Cramer's 'Mad Money' Recap: Investing Mistakes to Avoid

 

Click here for an archive of Jim Cramer's Mad Money recaps.


Editor's note: This recap is from a show that aired in 2008

Jim Cramer devoted his "Mad Money Show" Friday to talk about several mistakes viewers should avoid when they invest.

First, he said, investors need to understand the difference between an investment and a trade. "A trade is when you buy a stock for some specific event, a catalyst," he said.

An investment, on the other hand, is based on a long-term thesis, "the idea that a stock has the potential to work over a long-time horizon."

Cramer said it would unwise to sell a stock you believe in for the long term just because it's "gone up a lot off some catalyst."

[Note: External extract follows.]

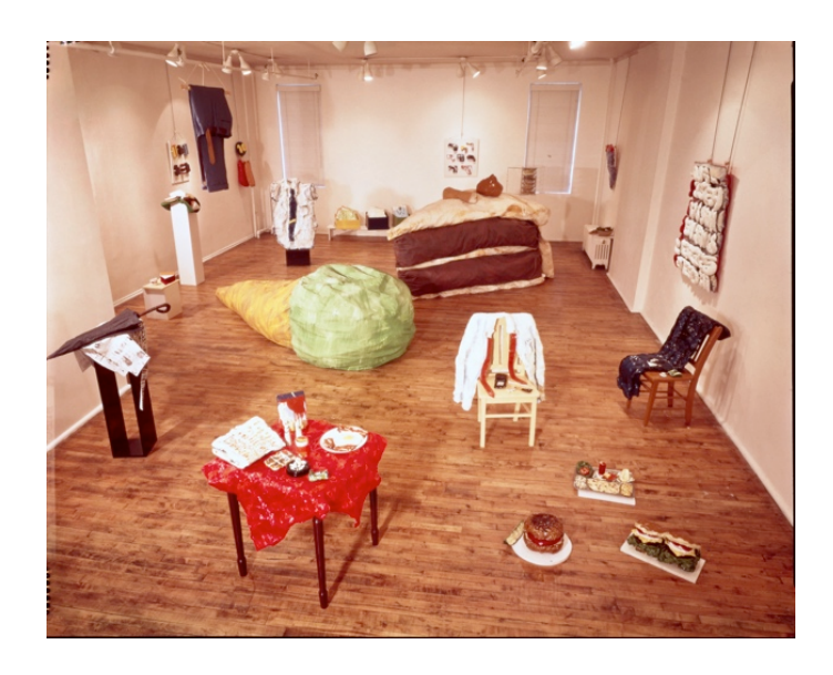
Installation view, Claes Oldenburg , Green Gallery, New York, 1962.

You know how the sewing machines are. They have this little space where the cloth can go through. It's completely insane. Those three pieces were made sitting on the floor [Floor Burger, Floor Cake, and Floor Cone]. A lot of the other pieces too.

Doing so, he said, will lead you to get out before the best gains have arrived.

Cramer illustrated the point by talking about his youngest child's desire to buy a second Apple (AAPL Quote) iPod. At first he couldn't understand why she should want another one, but then he realized the significance of the iPod as a "fashion accessory" and presto, that insight turned into an investment thesis for the stock.

He bought Apple at $26 and enjoyed a huge run-up in the stock.

Bottom line: Don't turn a good investment into a trade before your thesis has a chance to take the stock much higher, he said.